Евдокия уже не слышит последних слов, погружается в свои думы.

Давно ли они с Марией, Грицковой матерью, невестились вместе? Даже почувствовала вздох девичьих лент на груди и плечах.

Жили они тогда на Выгнанце. Вместе начали гусей пасти, вместе, как настал срок, пошли в экономию Колчака. С раннего утра до самой ночи кланялись тяпке и густым рядкам свеклы, аж кровавые заусеницы болезненными венчиками нависали над ногтями. Вечером наспех вливали в себя жидкую кашу с протухшего, пропахшего мышами пшена и сразу же засыпали, коснувшись прошлогодней сбитой соломы.

Только и радости той — воскресенье одно. В субботу, как начнет темнеть, одна поперед другой спешат домой, рассыпают бусины смеха, песен. И сердце на какое-то время несправедливость забудет, забудет эконома, приказчика, так как даль такая синяя, такая зовущая, такая загадочная, как предвесення ночь. И кто его знает, что девушке готовит будущее. Может, не только сапоги и катанку[18] и простуду тяжкую, — может, само счастье встретится с нею… Много бедной девушке надо? Найти себе верного мужа, иметь свое поле, свой клочок огорода, не пухнуть от голода в канун нового урожая. А вот богачка — другое дело. У них одни кораллы за корову не купишь, сундук волами не вывезешь и приданого в каждой руке по несколько десятин, а у тебя приданого — корова, что на горе гребет полову, да тяпка в руке и мозоли на руке.

А вечер приникает к девичьей красе, стелется шелками и зовет к родной хате, такой сгорбленной, натруженной, как ее старые хозяева. Отец на завалинке сидит, пыхтит трубкой, венок седых волос падает на посеченное, шершавое, как кора, чело, седые брови поднимаются на лбу — ее увидел, — и все лицо тонет в облачке голубого дыма. Пыхтит трухой старый порог, потрескавшимся шампиньоном вросла их избушка в землю, почернела стреха, заплатанная зелеными латками мха.

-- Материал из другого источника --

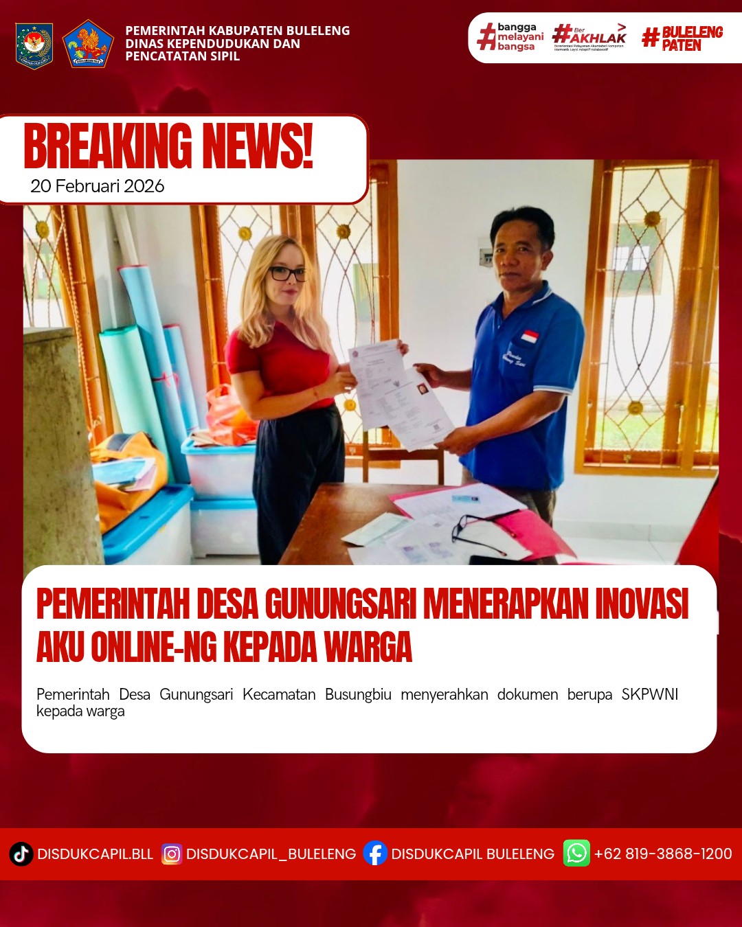 Pemerintah Kabupaten Buleleng melalui Dinas Kependudukan dan Pecatatan Sipil (Disdukcapil) Kabupaten Buleleng memaksimalkan serta mempermudah pelayanan kependudukan masyarakat dengan beberapa inovasi, melalui aplikasi AKU Online-NG. Dimana dalam penerapan aplikasi Aku Online-NG tersebut masyarakat tidak perlu lagi datang ke Dinas Dukcapil untuk melakukan pelayanan langsung cukup dengan datang ke Desa nanti akan dibantu oleh operator Desa masing-masing. Di Desa Gunungsari Kecamatan Seririt, telah diserahkan dokumen kependudukan berupa SKPWNI atas nama PUTU RAWINI warga Banjar Dinas Sekar, Desa Gunungsari akan pindah domisili ke Kelurahan Jimbaran, Kuta Selatan, Badung yang diserahkan oleh Pemerintah Desa Gunungsari kepada warga Banjar Dinas Sekar Desa Gunungsari, bertempat di Kantor Perbekel Desa Gunungsari, Kecamatan Seririt, Kabupaten Buleleng, Jumat (20/2).
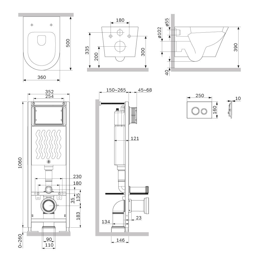 Тип:комплект: унитаз. инсталляция. клавиша смыва
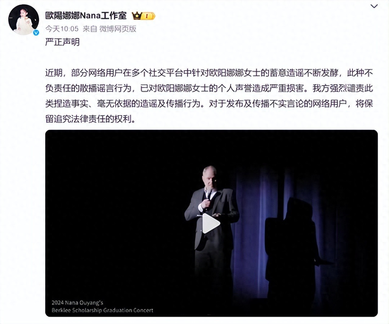 热搜第一!欧阳娜娜工作室发视频严正声明
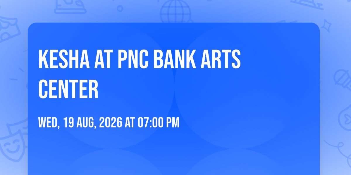 ✨ Enter a world of endless possibilities at Kesha at PNC Bank Arts Center, where every moment tells a story! 🏛️ The stunning PNC Bank Arts Center in vibrant Holmdel, NJ transforms into a realm of wonder on August 19th, 2026 at 07:00 PM. 🌟 They have crafted an experience that goes beyond the ordinary, combining elements of surprise, delight, and pure entertainment. Every detail has been thoughtfully considered to ensure your journey with us is nothing short of extraordinary. 🎯 Join fellow adventure seekers and memory makers in this celebration of imagination and innovation. 🎊 Reserve your spot today and be part of something truly special!
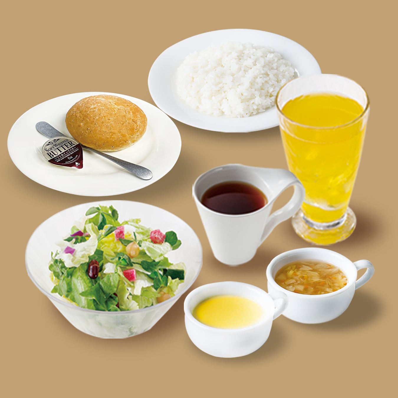 全てのメニューにライスバーorパンさらにスープバー
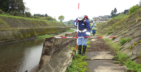 熊本県からの要請を受け、熊本県管理河川の被害状況調査、復旧方法の提案などを行っています。
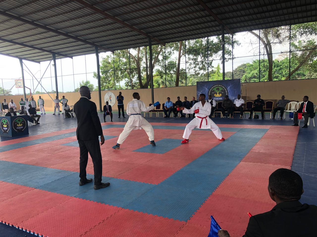 5月13日、第10回日本大使杯空手大会が、当館とガボン空手連盟の共催で開催されました。空手家たちの熱い戦いが繰り広げられ、観客も大いに盛り上がりました。当館から野口大使が出席した他、ガボン側からンドゥンダ・スポーツ省事務次官及びオンゴンジャ空手連盟会長が出席し、日・ガボンのスポーツを通じた友好的な協力関係を再確認する大会となりました。

Но хоть и старая хата, а на ее гребне поднимается колос ржаной; в нем растет жизнь молодая; болеет, мучится в тесноте, сырости, злыднях, однако растет.

…Такая теперь хата и у Григория. Снесет ее — рассыплется трухой и сотрутся последние упоминания о чьей-то жизни. В новой хате поселится молодая хозяйка, и дорогой ребеночек закачается в плетеной колыбели, напиваясь теплым молоком и материнской песней.

«Только тебе, мой сынок, о жене не напоминай. На четыре года Григорий младше, а уже, смотри, осенью женится. Что же у тебя такое?..»

Когда вышла в кооперацию, увидела, как мелко, по-птичьему, подпрыгивал возле сельстроя большой круг молодежи, а потом закрутился вихрем, поднимая вверх тучку пыли.

«Лишь Дмитрия моего нет на танцах. Сидит где-то в хате».

Однако дверь была закрыта, и она пошла в сад. Под развесистой кислицей лежал Дмитрий, положив голову на левую руку, рядом лежала книжка, и ветерок перебирал ее страницы. Видно, задремал парень. Темно-русая шевелюра, осветленная на концах, затеняя лоб, накрывала широкую черную ладонь, разомкнулись освещенные розовые уста, и загорелое лицо было более спокойным. Во сне Дмитрий был ближе ей, не беспокоили тогда скрытые неуловимые черты, резкие, как иногда и взгляд черных глаз. Это упрямство проглянет сквозь покой настороженным блеском синеватых белков, задрожит чуть надрезанными посредине лепестками горбатого носа. Села мать на траву, засмотрелась на сына.

Тихо вокруг.

Дремлет сад, кланяется хозяйке, которая садила его, присматривала, и каждое дерево дорогое ей, так как вошло оно в ее душу частицей жизни. Горевала, как возле ребенка, когда ветер расколол эту густую ветку пепенки; подперла ее, замазала садовым клеем, перевязала рукавом своей рубашки, и заживилась рука яблони, обросла шершавой, поморщенной, как лапоть, корой, закачалась восковыми комочками яблок.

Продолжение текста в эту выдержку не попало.